Extracted information –
::::::::::

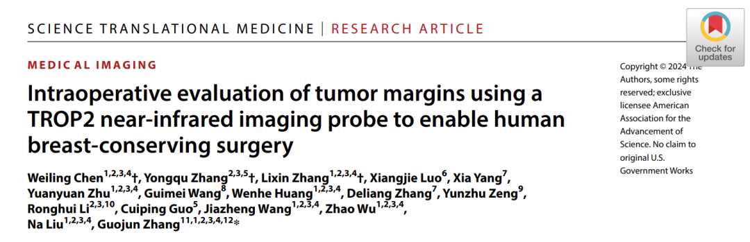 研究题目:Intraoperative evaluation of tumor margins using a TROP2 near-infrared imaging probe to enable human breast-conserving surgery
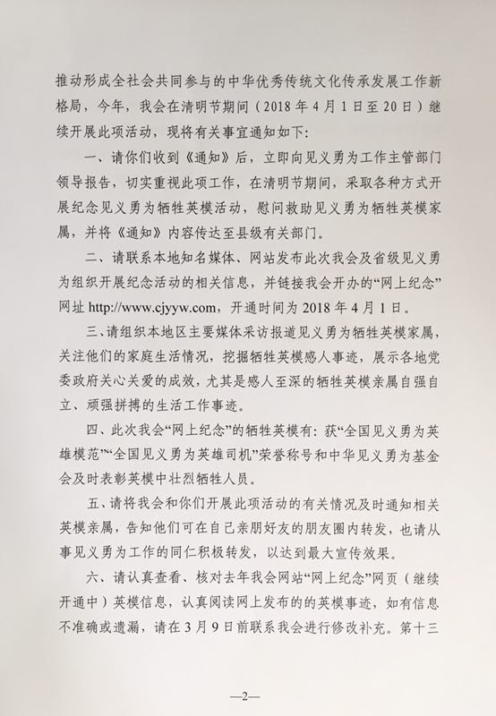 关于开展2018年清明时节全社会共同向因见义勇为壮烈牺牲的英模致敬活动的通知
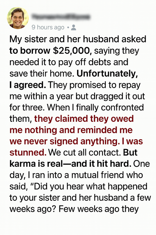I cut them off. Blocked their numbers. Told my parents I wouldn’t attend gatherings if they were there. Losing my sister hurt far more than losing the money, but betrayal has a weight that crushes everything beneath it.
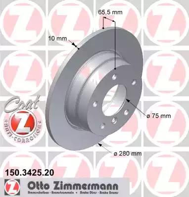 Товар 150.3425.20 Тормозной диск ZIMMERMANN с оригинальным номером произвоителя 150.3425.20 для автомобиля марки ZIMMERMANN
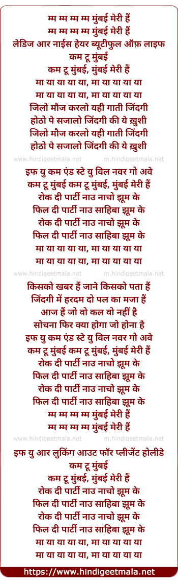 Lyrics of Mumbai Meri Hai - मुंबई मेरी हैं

::::::::::

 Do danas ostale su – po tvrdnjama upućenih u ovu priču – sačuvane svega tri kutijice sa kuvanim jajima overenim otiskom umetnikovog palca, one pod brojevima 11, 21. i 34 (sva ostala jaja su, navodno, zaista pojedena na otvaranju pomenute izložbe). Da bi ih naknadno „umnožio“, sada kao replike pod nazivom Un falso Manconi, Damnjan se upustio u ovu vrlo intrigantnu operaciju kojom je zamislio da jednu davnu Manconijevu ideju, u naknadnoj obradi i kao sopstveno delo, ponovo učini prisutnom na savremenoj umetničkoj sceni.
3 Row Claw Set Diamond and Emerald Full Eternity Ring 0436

::::::::::

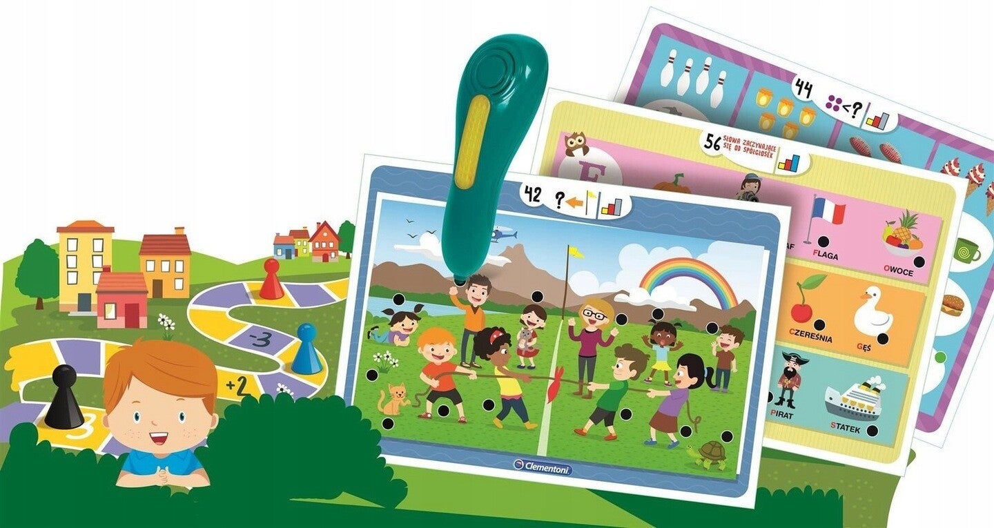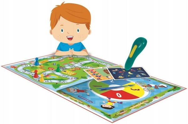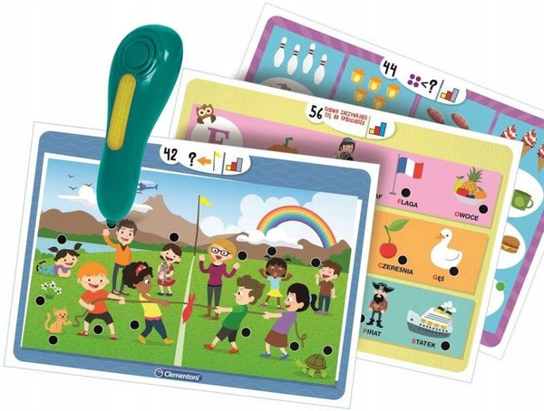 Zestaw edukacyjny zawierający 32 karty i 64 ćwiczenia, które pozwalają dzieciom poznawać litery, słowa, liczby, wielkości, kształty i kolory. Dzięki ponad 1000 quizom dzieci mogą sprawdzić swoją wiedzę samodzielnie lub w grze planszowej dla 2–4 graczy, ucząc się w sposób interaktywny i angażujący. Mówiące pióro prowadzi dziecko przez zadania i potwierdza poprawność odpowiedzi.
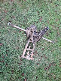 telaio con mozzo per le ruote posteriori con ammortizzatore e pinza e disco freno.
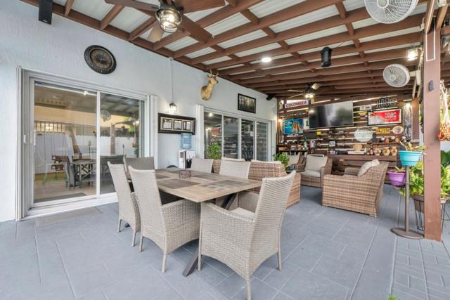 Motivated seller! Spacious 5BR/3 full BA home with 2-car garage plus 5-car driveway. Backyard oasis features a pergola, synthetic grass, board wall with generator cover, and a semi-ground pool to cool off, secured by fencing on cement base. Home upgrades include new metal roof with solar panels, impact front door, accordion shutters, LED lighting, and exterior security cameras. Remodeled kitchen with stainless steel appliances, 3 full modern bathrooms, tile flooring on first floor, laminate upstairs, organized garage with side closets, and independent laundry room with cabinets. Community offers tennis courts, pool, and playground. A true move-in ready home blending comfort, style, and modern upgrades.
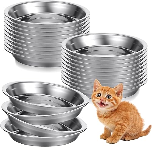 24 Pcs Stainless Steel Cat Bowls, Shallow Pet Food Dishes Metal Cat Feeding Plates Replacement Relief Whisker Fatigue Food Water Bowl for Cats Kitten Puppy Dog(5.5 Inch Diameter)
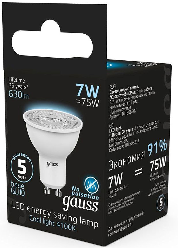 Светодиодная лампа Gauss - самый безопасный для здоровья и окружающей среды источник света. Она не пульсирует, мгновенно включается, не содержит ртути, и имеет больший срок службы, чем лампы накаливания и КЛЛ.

::::::::::

Task details – Beginning with the line above that contains "Do danas ostale", copy each line exactly up to and including the line that contains "3 Row Claw Set", and go no further.

Task response –
 Do danas ostale su – po tvrdnjama upućenih u ovu priču – sačuvane svega tri kutijice sa kuvanim jajima overenim otiskom umetnikovog palca, one pod brojevima 11, 21. i 34 (sva ostala jaja su, navodno, zaista pojedena na otvaranju pomenute izložbe). Da bi ih naknadno „umnožio“, sada kao replike pod nazivom Un falso Manconi, Damnjan se upustio u ovu vrlo intrigantnu operaciju kojom je zamislio da jednu davnu Manconijevu ideju, u naknadnoj obradi i kao sopstveno delo, ponovo učini prisutnom na savremenoj umetničkoj sceni.
3 Row Claw Set Diamond and Emerald Full Eternity Ring 0436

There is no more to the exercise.